I have just switched to KCL softened water myself. Looks like I need to get another test kit. I've never tested GH, only KH and ph.


----------



## rhodophyta (Jan 23, 2006)

My water is from a well. It is 90 grains of calcium hardness, but the water is slightly carbonated, so the pH is 6.6 - 6.7 when the water first comes out of the tap. After agitation or sitting, the pH rises to 8.3 - 8.4 whether softened with sodium chloride or unsoftened. The unsoftened water coats everything in its container with a scale-like coating as the pH climbs. If you leave the softened water in a container long enough, hairlike white crystals form just above the surface. Up to this point, I bring in water for my 150 and 125 planted tanks, but it would be nice not to have to fill 20 or more five gallon buckets with water and carry them into the house weekly, especially since I'd like to set up a 75 planted tank.


----------



## SnakeIce (May 9, 2005)

There are potential problems with to much cloride in the water. It can inhibit the growth of plants to the point of restricting your options of what you can get to grow to the easyer species. I will have to find the link to a study done that indicated that the cloride from road salt has caused problems for native plants in waterways.

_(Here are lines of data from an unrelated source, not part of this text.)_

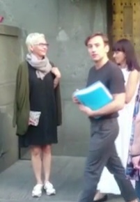 На видео запечатлено, как он в компании брюнетки в белом наряде посещает выставку Льва Бакста. Парочка внимательно слушает индивидуального экскурсовода и любуется картинами. После мероприятия они отправились пешком в направлении ресторана.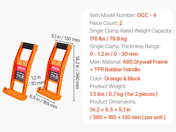 Tämä kahden levynkantajan sarja sopii levyjen siirtämiseen, joiden paksuus on enintään 1.2 in / 30 mm. Yksi kantaja kestää jopa 176 lbs / 79.8 kg kuorman, joten se toimii hyvin sekä yksin työskenneltäessä että parityöskentelyssä.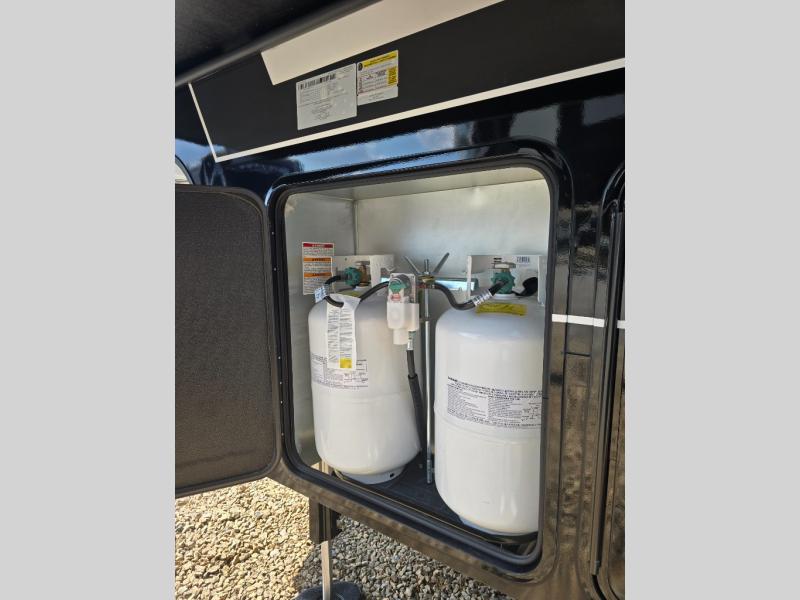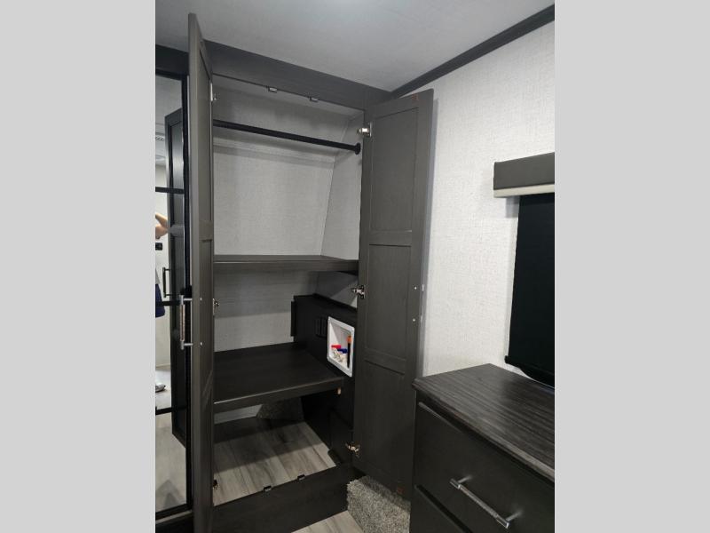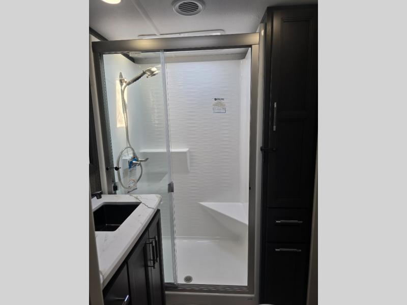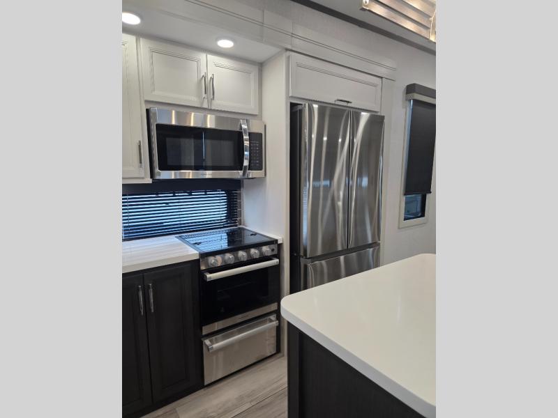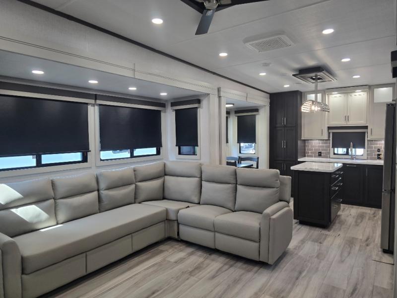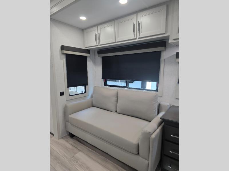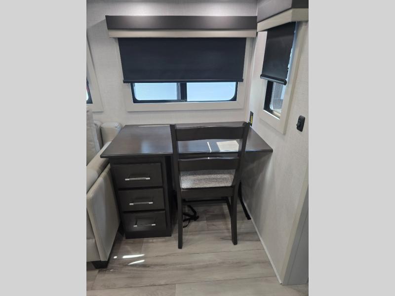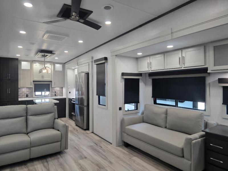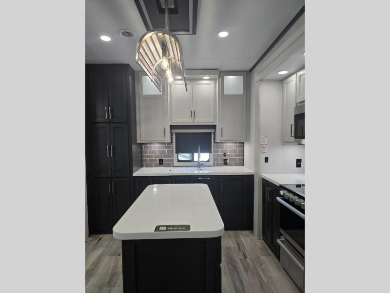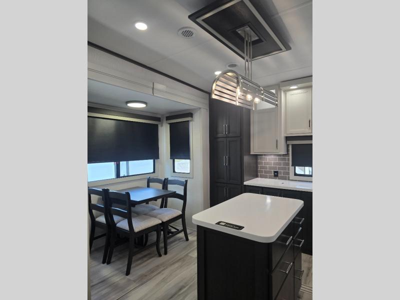 This rear kitchen fifth wheel makes extended stays or weekend trips to the lake enjoyable! The chef of your group will find plenty of counter space with the included kitchen island, plus there is a pantry and 18 cu. ft. residential refrigerator for food storage. A free-standing dinette provides a place to dine together, and the largest L-shaped sofa with recliners will be the perfect spot to relax with a movie. If you have guests, they could sleep here or on the hide-a-bed sofa sleeper. The dual entry bath includes a shower with a seat for added comfort, and the front master bedroom will feel just like home with its king bed slide out and master closet. There is also a dresser and stackable washer and dryer prep if you want to add those appliances!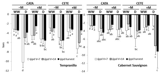 Predawn leaf water potential (Ψpd) on days 7 (white bars) and 14 (grey bars) after the onset of drought and at fruit harvest (black bars) in Tempranillo and Cabernet Sauvignon, either inoculated (+M) or not (−M) with AMF, well-watered (WW) or subjected to drought (D), and cultivated under current (CATA) or predicted (CETE) environmental conditions. Bars represent means (n = 4) ± SD. For each grapevine variety and day, different letters indicate significant differences (p ≤ 0.05).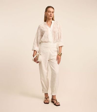 Pantalón Zanahoria Cintura Alta en Chiffon con Flores Bordadas | Renner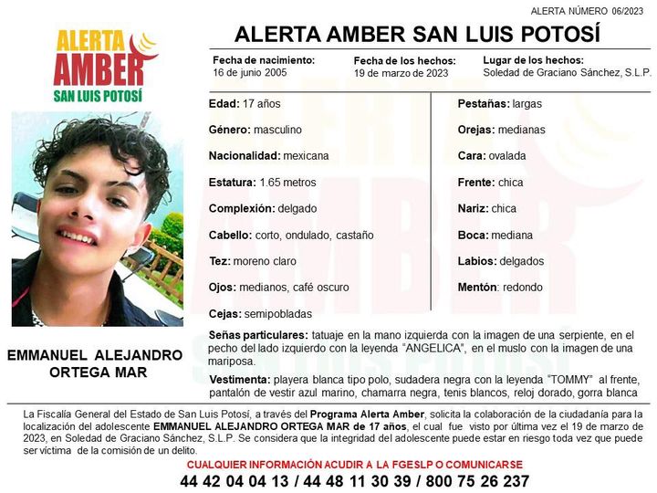 La Fiscalía General del Estado de San Luis Potosí (FGESLP) activó una Alerta Amber para la pronta ubicación de Emmanuel Alejandro Ortega Mar, de 17 años de edad.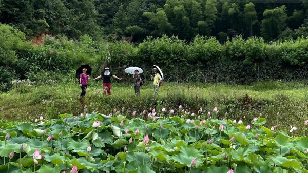 万花千里联系了一台小面包车,17公里路程80元送我们去了村委会,墨陌一行4人直接就开车回家了,我和万花开车去接留守等待的人。时间还早,开题人继续带领我们完成水库游泳项目,晏家洞水库水量很少,水质一般,但木瓜和阿诗玛还是欢欢喜喜的下去了,开题人则带领我们绕水库徒步一圈,中间看到了期待的一小片荷塘,荷花密集的开满了池塘。走的游的都尽兴了,老朋友相见阿诗玛和木瓜特别开心,一定请大家共享晚餐,于是又有了开心时刻。只是后续的活动让先走的墨陌很是气愤,对开题人耿耿于怀。

It has been a while since I saw that so it might take me a bit to find.


----------



## rhodophyta (Jan 23, 2006)

SnakeIce said:


> There are potential problems with to much cloride in the water. It can inhibit the growth of plants to the point of restricting your options of what you can get to grow to the easyer species. I will have to find the link to a study done that indicated that the cloride from road salt has caused problems for native plants in waterways.
> 
> It has been a while since I saw that so it might take me a bit to find.


 I think the way a softener works is by replacing the calcium and magnesium that is bound to the chlorine (chloride) with either sodium or potassium. The chloride gets washed away with the calcium.


----------



## rhodophyta (Jan 23, 2006)

I've gotten some more information on this topic. My family doctor says that it is a good idea in case you ingest some softened water. I have also found a little more about California's endorsement of potassium chloride softened water. It looks like that was then. Now they are going further.

MRWPCA : Switch to Potassium Chloride Softeners

Ecosmarte Water

It is more like they are gradually banning individuals from using softeners at all, unless they get one which has a replaceable resin chamber that would be exchanged by a technician every time it is used up. Or unless they use reverse osmosis, a process that does not work efficiently or reliably with very hard water.


----------